(Information shown begins)
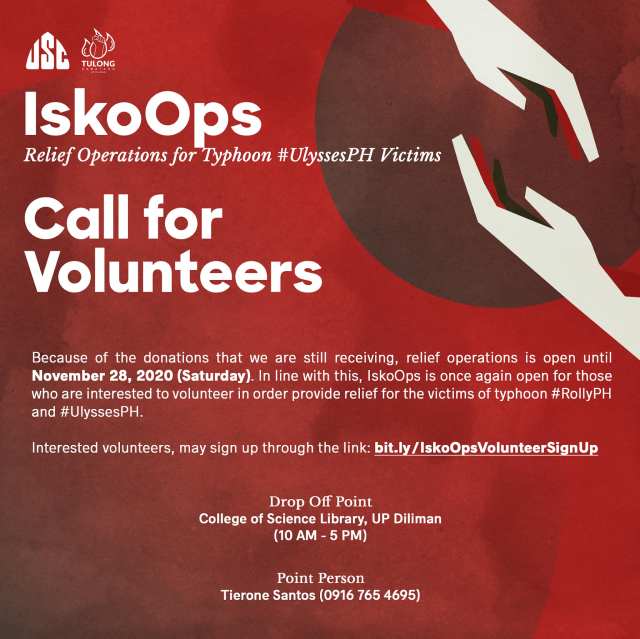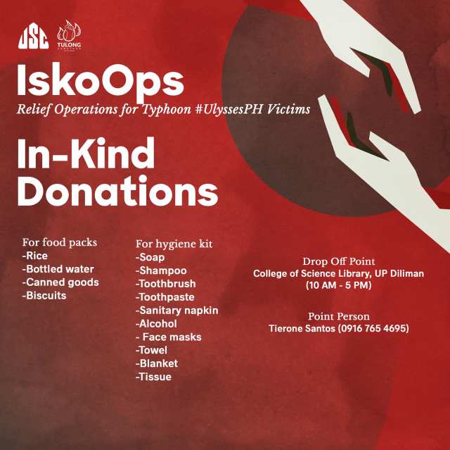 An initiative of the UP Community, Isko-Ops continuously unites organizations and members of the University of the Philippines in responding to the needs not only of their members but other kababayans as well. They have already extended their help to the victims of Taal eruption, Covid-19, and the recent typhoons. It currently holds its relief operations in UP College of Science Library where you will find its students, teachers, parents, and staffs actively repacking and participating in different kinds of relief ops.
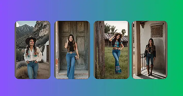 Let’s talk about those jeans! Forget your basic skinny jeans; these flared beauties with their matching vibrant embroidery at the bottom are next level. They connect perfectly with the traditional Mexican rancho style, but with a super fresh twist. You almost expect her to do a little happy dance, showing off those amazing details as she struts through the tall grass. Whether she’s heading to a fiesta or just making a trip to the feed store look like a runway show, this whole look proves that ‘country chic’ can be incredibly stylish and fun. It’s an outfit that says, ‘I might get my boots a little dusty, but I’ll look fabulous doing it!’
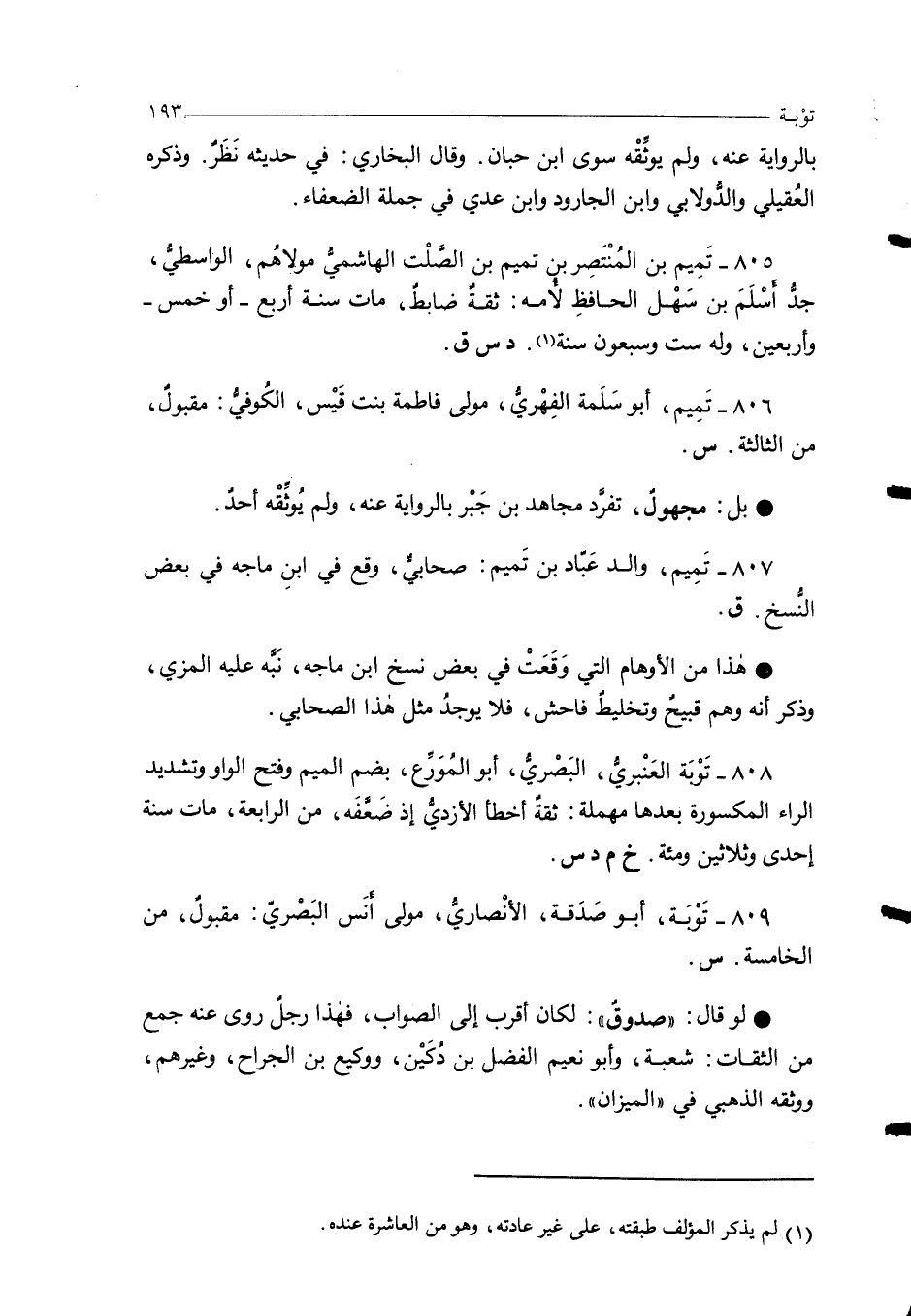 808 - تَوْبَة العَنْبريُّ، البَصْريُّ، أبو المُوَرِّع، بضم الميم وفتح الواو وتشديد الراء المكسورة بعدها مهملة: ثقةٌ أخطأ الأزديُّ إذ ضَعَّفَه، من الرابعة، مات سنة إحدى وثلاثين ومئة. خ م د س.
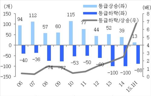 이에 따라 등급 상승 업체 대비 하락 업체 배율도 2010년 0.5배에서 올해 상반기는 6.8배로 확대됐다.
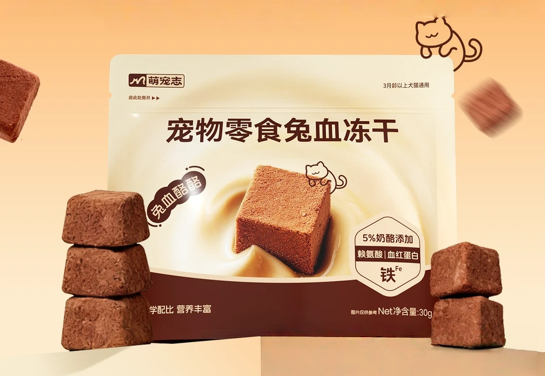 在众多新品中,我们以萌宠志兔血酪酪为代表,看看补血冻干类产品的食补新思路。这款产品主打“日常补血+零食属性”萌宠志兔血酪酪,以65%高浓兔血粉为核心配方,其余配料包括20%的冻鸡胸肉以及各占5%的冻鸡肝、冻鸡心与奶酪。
(Information shown ends)
__Directions for this task__:
Up to and including the line that holds "Let’s talk about", restate word for word each line of the records from their start, and only those lines, leaving out the pictures.

__Task output__:
 An initiative of the UP Community, Isko-Ops continuously unites organizations and members of the University of the Philippines in responding to the needs not only of their members but other kababayans as well. They have already extended their help to the victims of Taal eruption, Covid-19, and the recent typhoons. It currently holds its relief operations in UP College of Science Library where you will find its students, teachers, parents, and staffs actively repacking and participating in different kinds of relief ops.
 Let’s talk about those jeans! Forget your basic skinny jeans; these flared beauties with their matching vibrant embroidery at the bottom are next level. They connect perfectly with the traditional Mexican rancho style, but with a super fresh twist. You almost expect her to do a little happy dance, showing off those amazing details as she struts through the tall grass. Whether she’s heading to a fiesta or just making a trip to the feed store look like a runway show, this whole look proves that ‘country chic’ can be incredibly stylish and fun. It’s an outfit that says, ‘I might get my boots a little dusty, but I’ll look fabulous doing it!’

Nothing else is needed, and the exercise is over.